The Tax Court premised its ruling upon numerous sales by four different lens manufacturers to unrelated lens distributors. All comparable sales prices were reduced by $0.62, an adjustment that compensated for B L’s unique practice of paying the duty and freight charges on its lens purchases. After this adjustment, all these sales were at a price that exceeded the $7.50 transfer price paid by B L, with one exception. One manufacturer, the Amsco/Lombart division of the American Sterilization Company, transacted some sales (less than half) that, when adjusted, indicated a transfer price of less than $7.50, but the Tax Court gave these sales little weight because, unlike the uniform price charged by B L Ireland, they set different prices for standard and thin lenses. All other adjusted comparable sales, including Amsco/Lombart single price sales, indicated a transfer price above $7.50, with many exceeding $10.00.

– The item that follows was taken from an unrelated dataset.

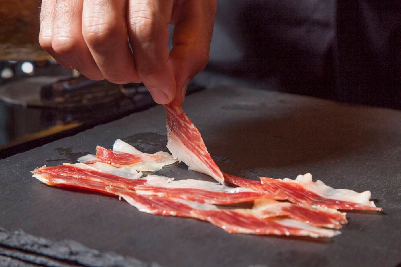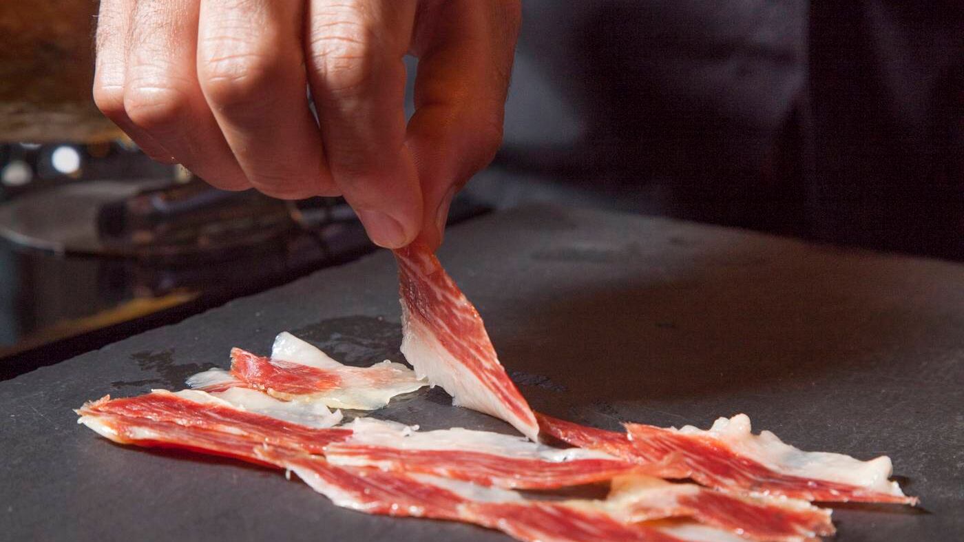 En cuanto a la forma de cortar correctamente el jamón, sugirió que la tapa no sea muy larga, debe ser tamaño de bocado y bien fina. De esta forma se verá el filo del cuchillo a través de la tapa.

The Tax Court’s conclusion that these sales were comparable was premised on findings of fact that B L functioned as a distributor for the lenses it purchased from B L Ireland, and that the soft contact lenses at issue were generally considered a fungible commodity. The Commissioner disputes the former finding. He contends that in addition to its distribution functions, B L “supplied the know-how necessary to manufacture the lenses, the Bausch Lomb and Soflens trademarks, the FDA approval required for sales on the United States market, the fruits of its ongoing research and development, and ready-made foreign and domestic markets.”
We find this argument unconvincing. As was implicit in our prior determination that the transfer price for lenses and royalty rate for intangibles should be accorded independent consideration, the provision of know-how, trademarks, FDA approval, and ongoing research and development is properly taken into account hereinafter concerning the royalty to be imputed to B L Ireland on an arms-length basis for the transfer of these intangibles. Further, the provision of ready-made markets is entirely consistent with the role of a distributor.
The position urged by the Commissioner would preclude comparability precisely because the relationship between B L and B L Ireland was different from that between independent buyers and sellers operating at arm’s length. This, however, will always be the case when transactions between commonly controlled entities are compared to transactions between independent entities.
the position urged by the Commissioner herein amounts to reading so broadly the requirement in Treas. Reg. § 1.482-2(e)(ii) that the “circumstances involved” incomparable uncontrolled sales and controlled sales under section 482 review be “identical,” or “nearly identical,” as to threaten effective nullification of the comparable uncontrolled price method. That method is postulated in the Commissioner’s regulations, however, as the method of choice for testing transfers of tangible property between commonly controlled entities. We, therefore, decline to adopt the suggested interpretation of section 1.482-2(e)(ii).